I understand such moral numbness. In
Vietnam, children would run at our positions with satchel charges
on their backs. You had to shoot. If you didn't
you and your buddies died. It was a sad, pitiable
loss. None of the children had any innocence. War
stripped them of it, as a child molester strips an innocent child
of its sexual innocence or an abusive parent strips a child naked
of self worth. Sometimes I awake in the middle of
the night, sweat beaded on my face, looking into the blank,
emotionless eyes of Vietnamese children as we marched through
their villages.
I see the hate and revenge not-so-hidden in the black pools staring
at me. I see the void of innocence war sucks from the marrow
of "children of the stones" and how it turns them either
into instruments of retaliation or numb zombies waiting for their
face-off with death.
My lesson with war's ugliness has taught
me Terrorism is a matter of teaching. A child need not
be brought up with a steady diet of hate, revenge, fear, intimidation,
retaliation. These are not digestible emotions for children.
They corrupt their virtue before it blossoms, stain their souls, rip
out the roots of adolescence.
Even here in America, with limited threats
of Terrorism, a great number of children are trained to be suicide
bombers. They are told by their parents of oppression,
of how others have abused them, their grandparents, their culture,
their ethnicity. They grow up believing "others are their
enemy," just as the Palestinian or Israeli grows up fearing the
other is bent on their demise.
Equally wrong are those who demean
others before children, who cite another ethnicity as a lesser one,
or not as worthy as, and build walls of separation and hatred between
one's skin color or religious beliefs. There is
little difference between these prejudicial and bigoted Parents of
Terrorism and those in Israel or Palestine who teach their children
to feed on hate, or fear and glorify the destruction of the "enemy."

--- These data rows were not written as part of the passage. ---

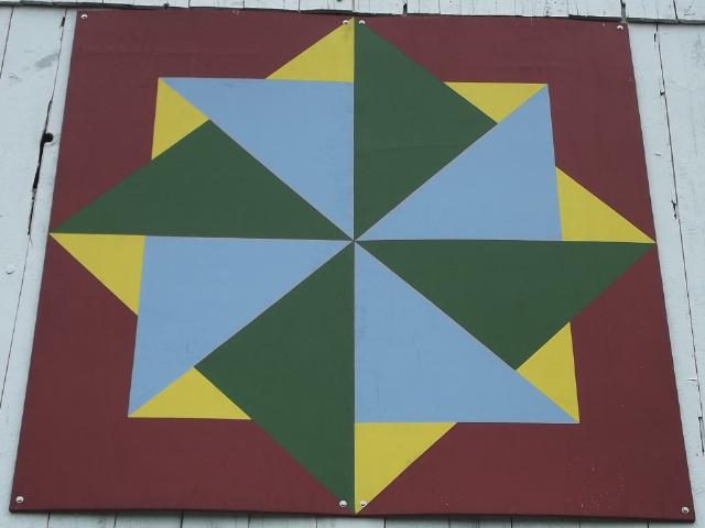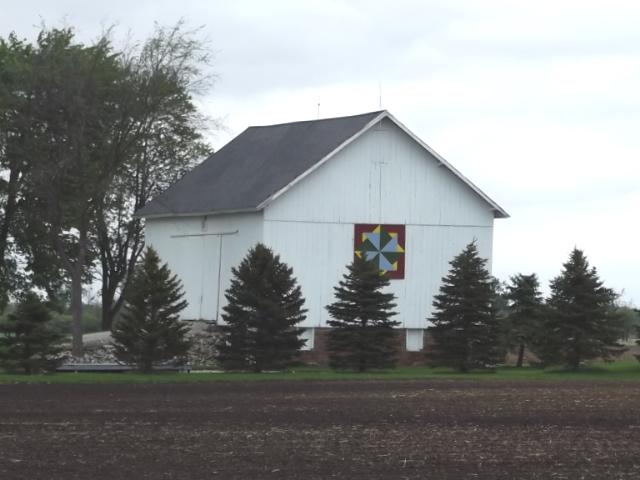 | (Tumbleweed, OH-32-48) SE of Arcadia, Biglick Township, Hancock County, OH. Brown Rd. (becomes CR216) E. 1.9 miles from jct with OH12 (Fremont St.) in Arcadia, S. on CR330 2.4 miles to the quilt on the E. side of the road at 6399. Neal & Lindsey Boes. (N41 04.393 W83 28.593) Photos by Jack & June Schmidt 5-15-14. |
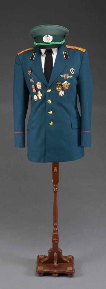 A Russian officer’s military uniform w/ collar tabs & shoulder boards. There are 11 Soviet pins, awards & medals on the front of the uniform. Buttons have the hammer & sickle motif. Uniform comes w/ a shirt & tie for display. The hat is an East German enlisted man’s hat w/ green piping & chinstrap. The stand consists of a mannequin body on a tall plant stand. CONDITION: uniform & hat show very little wear. Stand shows light wear. (02-14083/BF). $100-200.
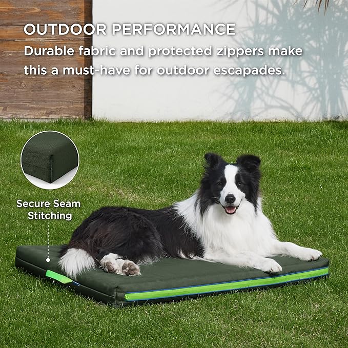 Bedsure Chewproof Durable Outdoor Waterproof Dog Bed with Heavy Duty Cover (36"x27", Moss

Terrorism feeds on children through
abuse. Then there are those here in America and other civilized parts
of the world who demean a child by not recognizing his or her feelings.

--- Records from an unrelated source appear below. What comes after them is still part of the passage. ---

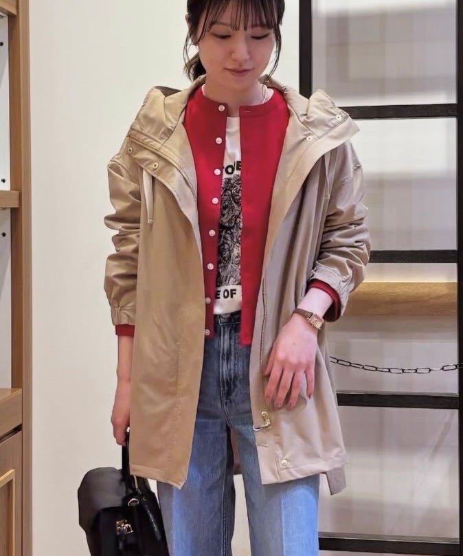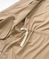 程良いハリ感があり、シワになりにくく、軽量で縦にも横にもストレッチ性があるサーブルクロス素材を使用したマウンテンパーカー。撥水加工が施されているのもポイント。安心感のあるミドル丈に、ゆとりのあるサイジングで、インナーを選ばずに気軽に着用可能。カジュアルなアイテムながら光沢を抑えた素材感でスポーティーになり過ぎず、大人の女性が安心して着用できるアイテム。袖部分がゴム仕様になっており袖を上げた着こなしや、バックスタイルのウエスト内側の紐を絞ってシルエットの変化が楽しめます。前後差のある着丈に深めのサイドスリット、フード部分の太めの紐もアクセントになっています。※裏地無し、サイドポケット付き。
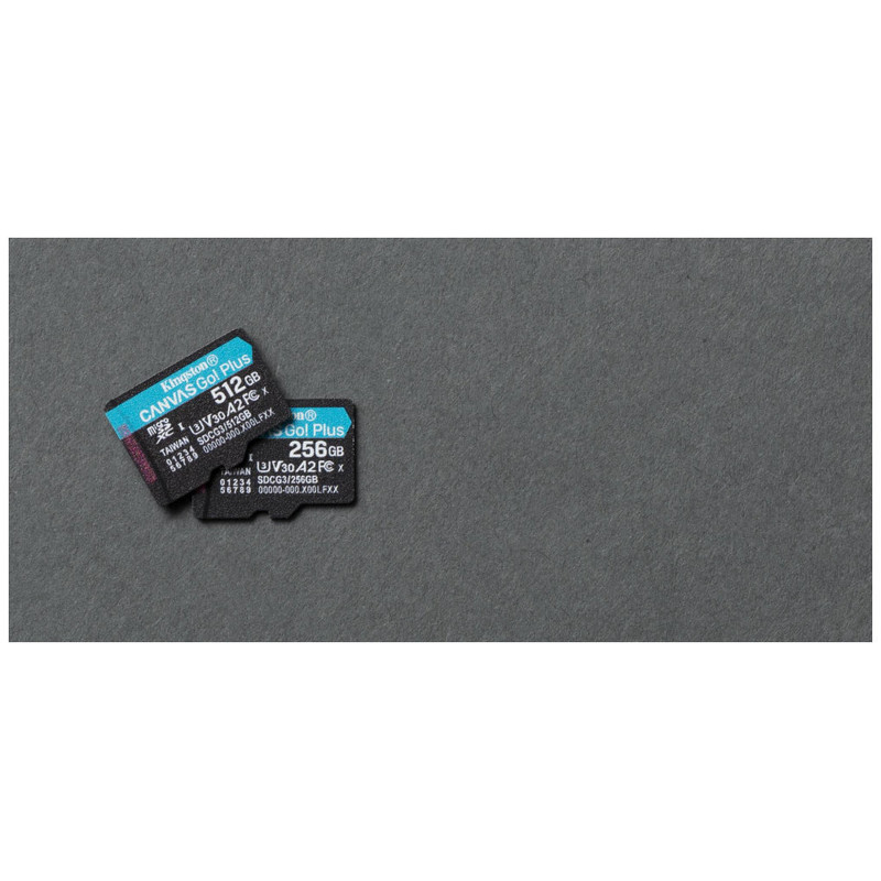 Kingston Technology Canvas Go! Plus. Capacidad: 256 GB, Tipo de tarjeta flash: MicroSD, Clase de memoria flash: Clase 10, Tipo de memoria interna: UHS-I, Velocidad de lectura: 170 MB/s, Velocidad de escritura: 90 MB/s, Clase de velocidad UHS: Class 3 (U3), Clase de velocidad de vídeo: V30. Funciones de protección: Resistente a golpes, Resistente a la temperatura, Resistente a las vibraciones, Resistente al..., Color del producto: Negro
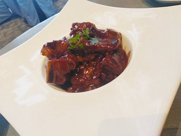 波特酒醬燒小排,豬小排沾粉油炸後,再用波特酒、紅糟、香料、陳醋滷汁燉煮而成,肉質軟嫩入味

They shut the child down. They make the child obey like a dog, and
extol the virtues of being "seen not heard."
They offer the child little insight into his or her own feelings and
issues of human values are rarely discussed because such parents are
either too busy, or believe their "inner secrets" are not
the privy of public communication. Children and
parents become strangers--and the cry: "You don't know
who I am," is shouted angrily by the offspring. Their cry
is a bleat of a lamb caught between a hunger to be loved inside but
trapped in the emptiness of no real communication.
I was glad my grandson told me I was too
big and too fat. I am. I need to lose twenty, maybe
thirty pounds.
But, what I need to lose most of all is to
lose the "fat" of any attitude of Complacency which might
interfere with my daily struggle to promote Vigilance. I need
to remember that the battle for Vigilance begins with the vow a Parent
of Vigilance takes-- in my case, it's a Grandparent of Vigilance Pledge.
I need to remember the Pledge of Vigilance is about eliminating, not
propagating, a child's Fear, Intimidation and Complacency, and replacing
these Terroristic child-rearing deceptions with Courage, Conviction
and Action.
It means that a child should not be brought
up on with so he or she seeks revenge to assuage the shame of his
or her parents or heritage or bigotry or prejudice--but rather should
be given the necessary tools to find the Courage to fight the shame
and anger of the past, to forage a new world rather than repair an
old one--to have the right to deny his parents' bigotry and prejudice
without reprisal.
Vigilance more than Terrorism will cause
this evolution of a child to have the right to choose to live in the
shadow of Terrorism or the sunlight of Vigilance.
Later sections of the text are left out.